Hey all - I seem to have a very unfortunate combination of errors that stop me from encrypting my volumes.

I have tried to upgrade from CORE –> SCALE not fully understanding that my volumes where encrypted via legacy encryption GELI.

Of course before doing this I did download recovery keys and config files accordingly, but I notice now that those downloads where corrupted or quarantained by some security software - long story short they are not there any more. Chrome download tab shows them striked through. And no file free recovery tool I tried was able to restore those files.

I did restore an old OS version (have tried Core 13.0 and 13.3) via a fresh USB based install but because of the lack of backup files I couldnt restore the settings / pools. After searching everything upside down I did find an old settings file (truenas-2023xxxxxx) that I was able to upload and restart truenas. Unfortunately, still the pools can’t be decrypted even though I am 100% sure that the password did not change since then.

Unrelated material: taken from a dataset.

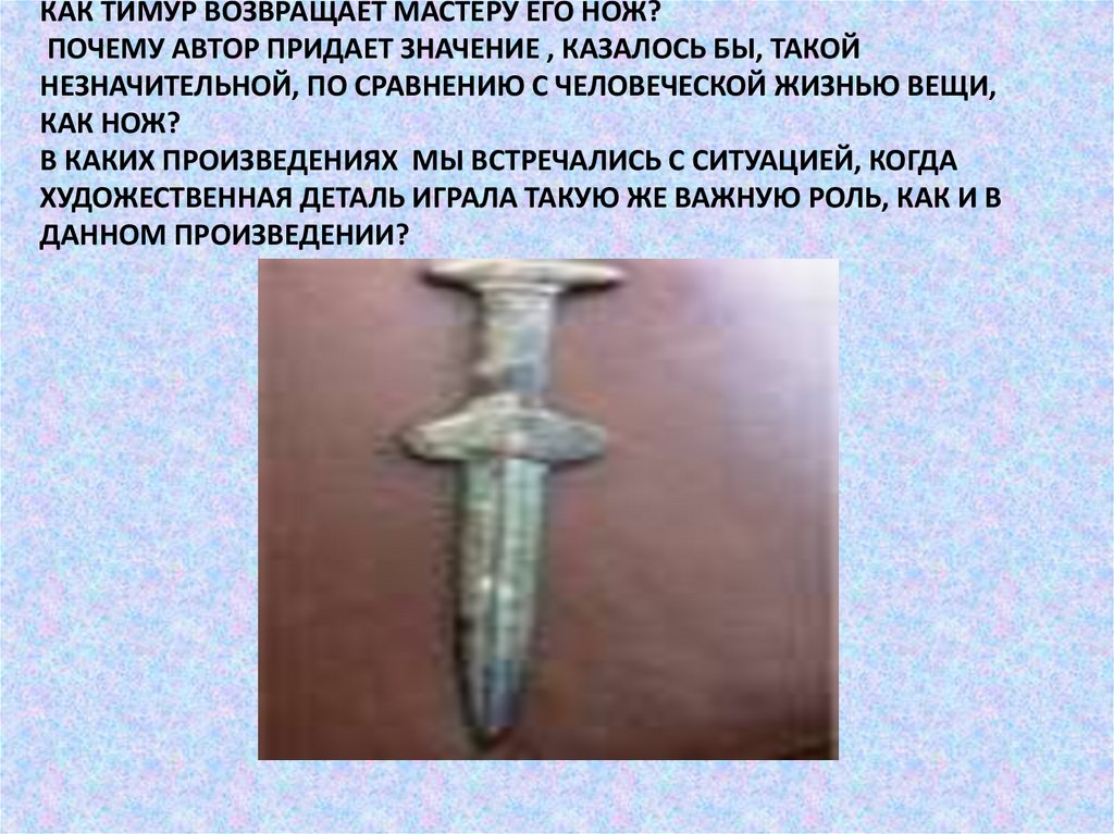 КАК ТИМУР ВОЗВРАЩАЕТ МАСТЕРУ ЕГО НОЖ?ПОЧЕМУ АВТОР ПРИДАЕТ ЗНАЧЕНИЕ , КАЗАЛОСЬ БЫ, ТАКОЙ

The only thing I can imagine is that there i not the exact same setup of zvols (if that makes any difference) on the Volume_main as I added one a couple of weeks ago to host HOMEASSISTANT.

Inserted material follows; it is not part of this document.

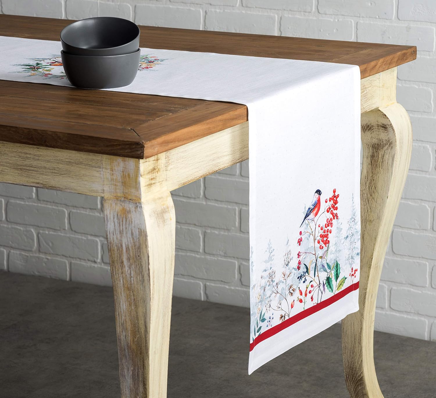 Maison d' Hermine Table Runner 100% Cotton Single Layer Table Runners 60 inches Long for Thanksgiving Christmas Decorations Home Kitchen Dining Party Wedding (Morzine, 14.5" x 60")

Here is the error trace that I get.

Error: concurrent.futures.process._RemoteTraceback:
“”"
Traceback (most recent call last):
File “/usr/local/lib/python3.9/concurrent/futures/process.py”, line 246, in _process_worker
r = call_item.fn(*call_item.args, **call_item.kwargs)
File “/usr/local/lib/python3.9/site-packages/middlewared/worker.py”, line 111, in main_worker
res = MIDDLEWARE._run(*call_args)
File “/usr/local/lib/python3.9/site-packages/middlewared/worker.py”, line 45, in _run
return self._call(name, serviceobj, methodobj, args, job=job)
File “/usr/local/lib/python3.9/site-packages/middlewared/worker.py”, line 39, in _call
return methodobj(*params)
File “/usr/local/lib/python3.9/site-packages/middlewared/worker.py”, line 39, in _call
return methodobj(*params)
File “/usr/local/lib/python3.9/site-packages/middlewared/schema.py”, line 985, in nf
return f(*args, **kwargs)
File “/usr/local/lib/python3.9/site-packages/middlewared/plugins/zfs.py”, line 352, in import_pool
self.logger.error(
File “libzfs.pyx”, line 402, in libzfs.ZFS.exit
File “/usr/local/lib/python3.9/site-packages/middlewared/plugins/zfs.py”, line 343, in import_pool
raise CallError(f’Pool {name_or_guid} not found.', errno.ENOENT)
middlewared.service_exception.CallError: [ENOENT] Pool 11802238427914461623 not found.
“”"

The above exception was the direct cause of the following exception:

Traceback (most recent call last):
File “/usr/local/lib/python3.9/site-packages/middlewared/plugins/pool_/encryption_freebsd.py”, line 272, in unlock
await self.middleware.call(‘zfs.pool.import_pool’, pool[‘guid’], {
File “/usr/local/lib/python3.9/site-packages/middlewared/main.py”, line 1285, in call
return await self._call(
File “/usr/local/lib/python3.9/site-packages/middlewared/main.py”, line 1250, in _call
return await self._call_worker(name, *prepared_call.args)
File “/usr/local/lib/python3.9/site-packages/middlewared/main.py”, line 1256, in _call_worker
return await self.run_in_proc(main_worker, name, args, job)
File “/usr/local/lib/python3.9/site-packages/middlewared/main.py”, line 1175, in run_in_proc
return await self.run_in_executor(self.__procpool, method, *args, **kwargs)
File “/usr/local/lib/python3.9/site-packages/middlewared/main.py”, line 1158, in run_in_executor
return await loop.run_in_executor(pool, functools.partial(method, *args, **kwargs))
middlewared.service_exception.CallError: [ENOENT] Pool 11802238427914461623 not found.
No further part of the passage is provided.